2.4 Root zone warming induces tomato immunity
Our results indicate that tomato pathogen-resistance is systemically modulated by RZW, as previously suggested (Elad et al., 2017, 2016a; Elad, 2018). To examine whether the decrease in fungal and bacterial disease following RZW is paired with increased plant defense in tomato, we tested known hallmarks of immune system activation: ethylene (C2H4) and ROS production and defense gene expression. Warmed WT M82 plants exhibited an increase in ethylene production (Figure 6a ), while the warmed plants of the Brigade cultivar did not exhibit a significant increase in wounding ethylene (Supplemental Figure S2 ), perhaps due to differences in the innate immunity mechanisms among these two cultivars as indeed, cv. Brigade plants are more susceptible to Bc than M82 plants.
To examine whether RZW augments defense responses elicited by known elicitors of plant defense, we employed the Xyn11 family xylanase Ethylene Inducing Xylanase (EIX), that induces Effector Triggered Immunity (ETI) in responsive cultivars (Sharon et al., 1993; Leibman-Markus et al., 2017; ; Bar and Avni, 2009), and the bacterial flagellin derived peptide flg-22, that is known to broadly induce immunity and ROS production (Felix et al., 1999; Segonzac and Zipfel, 2011). The combination of RZW and EIX or flg-22 induces immune responses- ethylene and ROS respectively, at greater levels than the elicitor alone in both cases (Figure 6a,b; Figure S2 ).
To analyze the alterations to tomato gene expression caused by RZW, we applied both 24 hour and 7 day RZW to M82 plants, and examined the expression of several known defense genes. Warming induced the expression of proteinase inhibitor 2 (PI-2 , Solyc03g020080), pathogenesis-related proteins (PR1a , Solyc01g106620) andPR-1b (Solyc00g174340), Pto-interacting 5 (Pti-5,Solyc02g077370), 1-aminocyclopropane-1-carboxylate oxidase 1 (ACO-1 , Solyc07g049530) and WRKY75 (Solyc05g015850) (Figure 7a ).

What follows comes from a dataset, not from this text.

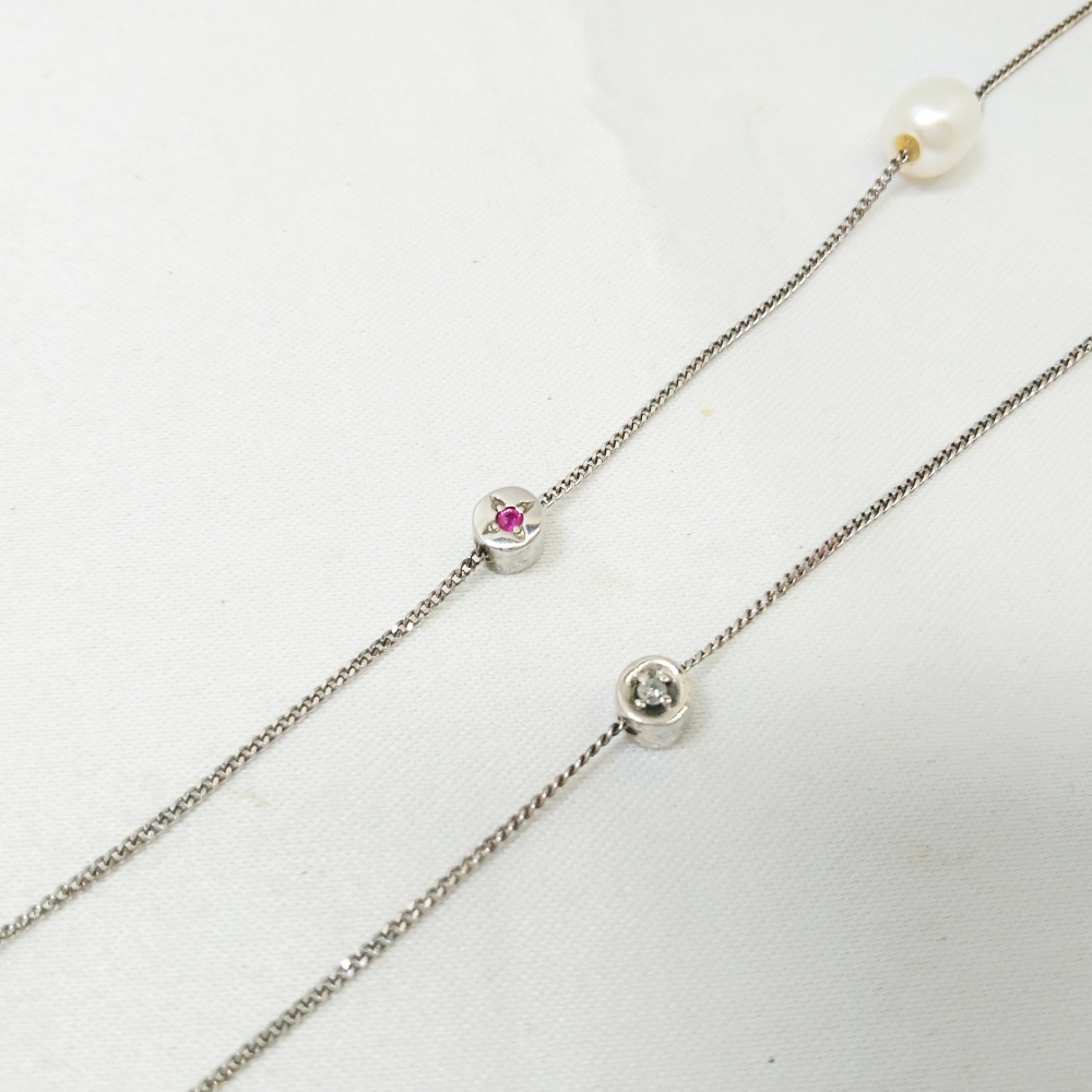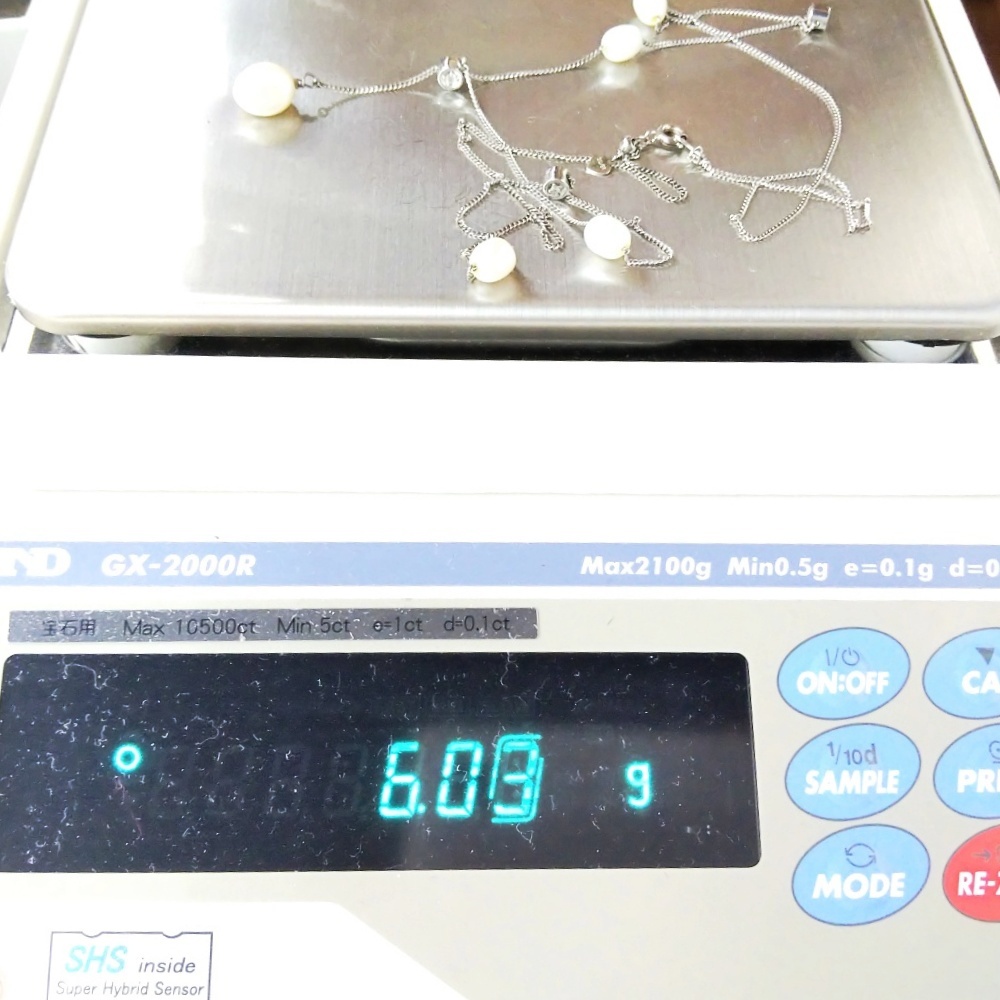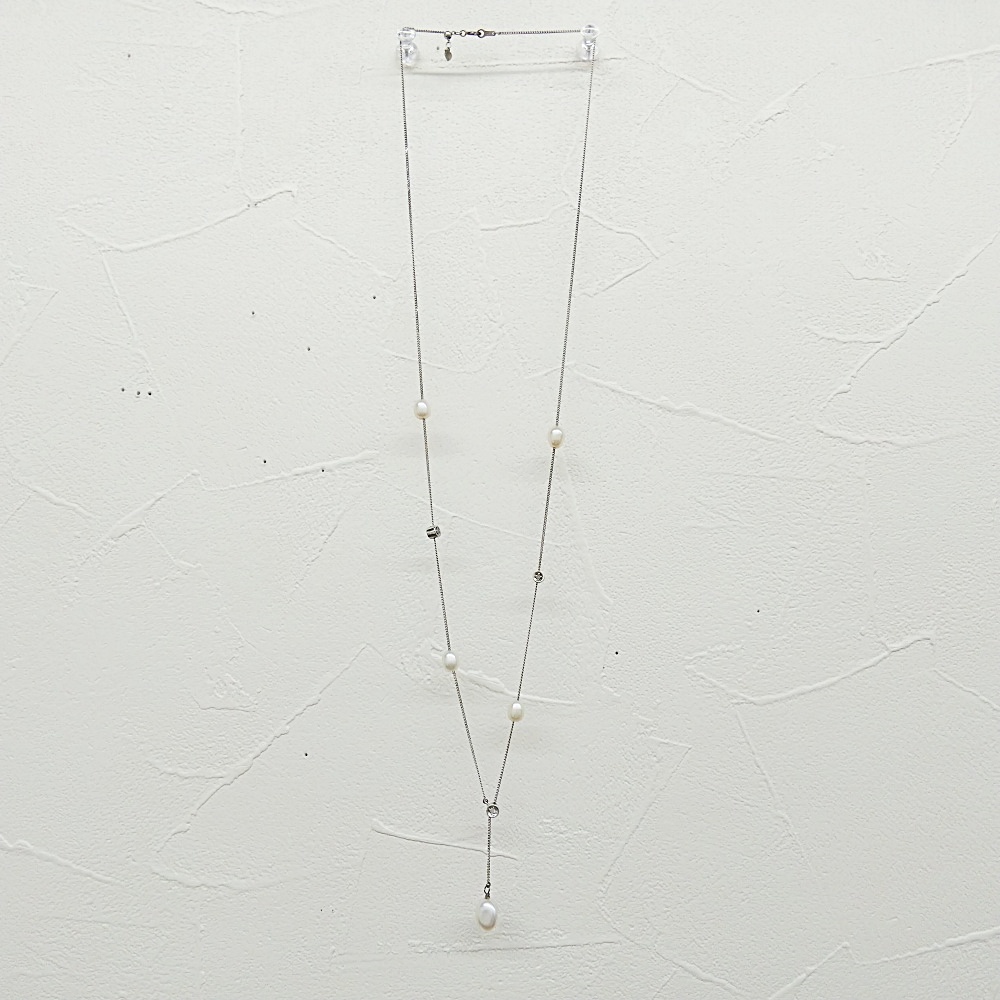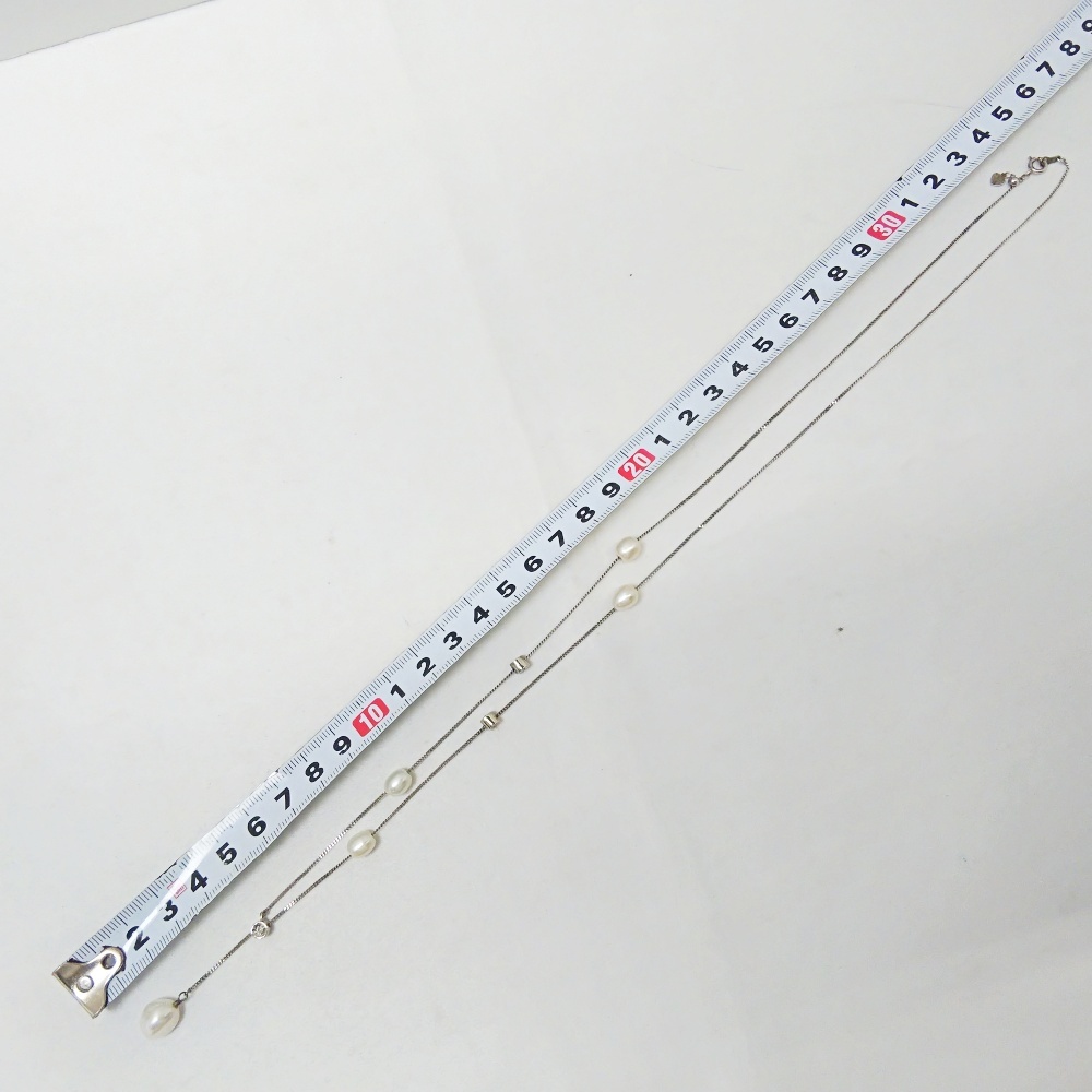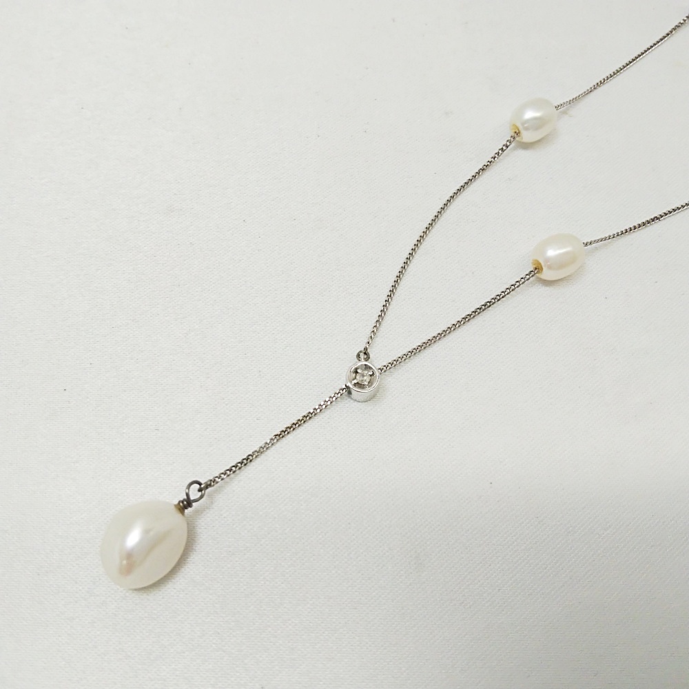 B25-2254 パールネックレス STERLING SILVER刻印 ダイヤモンド0.045ct トップ長さ調節可 総重量約6.0g 全長約60cm 真珠 ノーブランド

We also examined the effect of RZW on the expression of Pattern Recognition Receptors (PRRs) in the plant shoot. A recent report has demonstrated that increases in PRR expression correlate with enhanced immune outputs, being sufficient- along with cell damage- to mount strong localized immune responses to invading pathogens (Zhou et al., 2020). Figure 7b demonstrates that several PRRs are induced by RZW, indicating that PRR induction could underlie part of the induced resistance observed upon RZW.
We examined defense gene expression 24 hours after Bcinoculation, in both warmed and unwarmed plants (Figure 8 ). In most cases, Bc induced greater levels of the defense genes assayed when compared with RZW, consistent with the idea that the warming treatment causes immunity priming (Figure 8- compare black and pale-gray bars). For most assayed genes, RZW prior to B. cinereainoculation did not result in significant alterations to defense gene expression, when compared with Bc alone (Figure 8- black vs dark gray bars), suggesting that induced resistance by RZW decreases subsequent disease levels irrespective of its effect on gene expression. Positive correlations between B. cinerea disease levels and defense gene expression were reported previously (Meller-Harel et al., 2014; Mehari et al., 2015). The chosen genes are all hallmarks of pathogen responses (Martínez-Medina et al., 2013; Ament et al., 2004; Iberkleid et al., 2014; Cui et al., 2019; Thara et al., 1999; López-Ráez et al., 2010; Li et al., 2017; Harel et al., 2014). Interestingly, comparing B. cinerea induced gene expression with heat-shock induced gene expression in published datasets yields several defense related genes and transcription factors which are induced in both cases, and could be promising targets for future research (Supplemental Figure S3 ).